- [RECORDS SUPPLIED]

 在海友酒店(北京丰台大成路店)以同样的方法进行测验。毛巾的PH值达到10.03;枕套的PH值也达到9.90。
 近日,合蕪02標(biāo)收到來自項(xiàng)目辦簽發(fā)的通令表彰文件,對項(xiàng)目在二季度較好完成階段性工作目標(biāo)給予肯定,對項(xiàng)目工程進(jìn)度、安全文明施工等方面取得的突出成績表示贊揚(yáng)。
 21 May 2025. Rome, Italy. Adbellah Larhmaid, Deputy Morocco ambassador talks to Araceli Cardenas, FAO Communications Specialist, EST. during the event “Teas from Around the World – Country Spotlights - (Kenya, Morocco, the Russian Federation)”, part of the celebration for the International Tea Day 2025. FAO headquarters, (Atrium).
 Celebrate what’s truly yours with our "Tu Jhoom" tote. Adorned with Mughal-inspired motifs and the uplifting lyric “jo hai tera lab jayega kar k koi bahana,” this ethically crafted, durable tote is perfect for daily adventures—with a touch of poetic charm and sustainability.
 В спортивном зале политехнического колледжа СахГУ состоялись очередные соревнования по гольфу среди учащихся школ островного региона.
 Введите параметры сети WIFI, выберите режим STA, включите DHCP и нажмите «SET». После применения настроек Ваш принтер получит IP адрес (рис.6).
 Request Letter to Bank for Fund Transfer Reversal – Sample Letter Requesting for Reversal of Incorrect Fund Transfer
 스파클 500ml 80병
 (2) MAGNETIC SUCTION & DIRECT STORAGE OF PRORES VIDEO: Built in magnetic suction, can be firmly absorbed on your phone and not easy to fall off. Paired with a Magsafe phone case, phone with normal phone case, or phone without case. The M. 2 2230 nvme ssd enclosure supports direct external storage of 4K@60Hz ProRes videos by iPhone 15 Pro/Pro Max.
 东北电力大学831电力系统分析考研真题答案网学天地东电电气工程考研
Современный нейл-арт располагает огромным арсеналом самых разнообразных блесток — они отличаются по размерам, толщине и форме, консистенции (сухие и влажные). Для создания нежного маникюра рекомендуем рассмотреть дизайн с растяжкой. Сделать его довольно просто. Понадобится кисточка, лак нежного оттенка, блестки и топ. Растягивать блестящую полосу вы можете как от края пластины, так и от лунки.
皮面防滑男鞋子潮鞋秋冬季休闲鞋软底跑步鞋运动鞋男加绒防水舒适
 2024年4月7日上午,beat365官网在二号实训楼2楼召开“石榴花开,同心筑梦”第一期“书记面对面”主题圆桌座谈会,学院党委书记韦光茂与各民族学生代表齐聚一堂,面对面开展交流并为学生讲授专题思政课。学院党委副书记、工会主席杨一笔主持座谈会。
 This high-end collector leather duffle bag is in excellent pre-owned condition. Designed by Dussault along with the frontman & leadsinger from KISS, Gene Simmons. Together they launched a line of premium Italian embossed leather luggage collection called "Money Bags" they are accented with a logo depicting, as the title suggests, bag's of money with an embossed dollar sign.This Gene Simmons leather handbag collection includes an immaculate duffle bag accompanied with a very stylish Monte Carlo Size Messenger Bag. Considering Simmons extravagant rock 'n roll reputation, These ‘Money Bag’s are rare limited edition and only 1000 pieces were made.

- [PROBLEM] Find the line that contains "东北电力大学831电力系统分析考研真题答案网学天地东电电气工程考研". Write out that line and every line after it through the end of the data, exactly, and nothing else.

- [YOUR SOLUTION]
 东北电力大学831电力系统分析考研真题答案网学天地东电电气工程考研
Современный нейл-арт располагает огромным арсеналом самых разнообразных блесток — они отличаются по размерам, толщине и форме, консистенции (сухие и влажные). Для создания нежного маникюра рекомендуем рассмотреть дизайн с растяжкой. Сделать его довольно просто. Понадобится кисточка, лак нежного оттенка, блестки и топ. Растягивать блестящую полосу вы можете как от края пластины, так и от лунки.
皮面防滑男鞋子潮鞋秋冬季休闲鞋软底跑步鞋运动鞋男加绒防水舒适
 2024年4月7日上午,beat365官网在二号实训楼2楼召开“石榴花开,同心筑梦”第一期“书记面对面”主题圆桌座谈会,学院党委书记韦光茂与各民族学生代表齐聚一堂,面对面开展交流并为学生讲授专题思政课。学院党委副书记、工会主席杨一笔主持座谈会。
 This high-end collector leather duffle bag is in excellent pre-owned condition. Designed by Dussault along with the frontman & leadsinger from KISS, Gene Simmons. Together they launched a line of premium Italian embossed leather luggage collection called "Money Bags" they are accented with a logo depicting, as the title suggests, bag's of money with an embossed dollar sign.This Gene Simmons leather handbag collection includes an immaculate duffle bag accompanied with a very stylish Monte Carlo Size Messenger Bag. Considering Simmons extravagant rock 'n roll reputation, These ‘Money Bag’s are rare limited edition and only 1000 pieces were made.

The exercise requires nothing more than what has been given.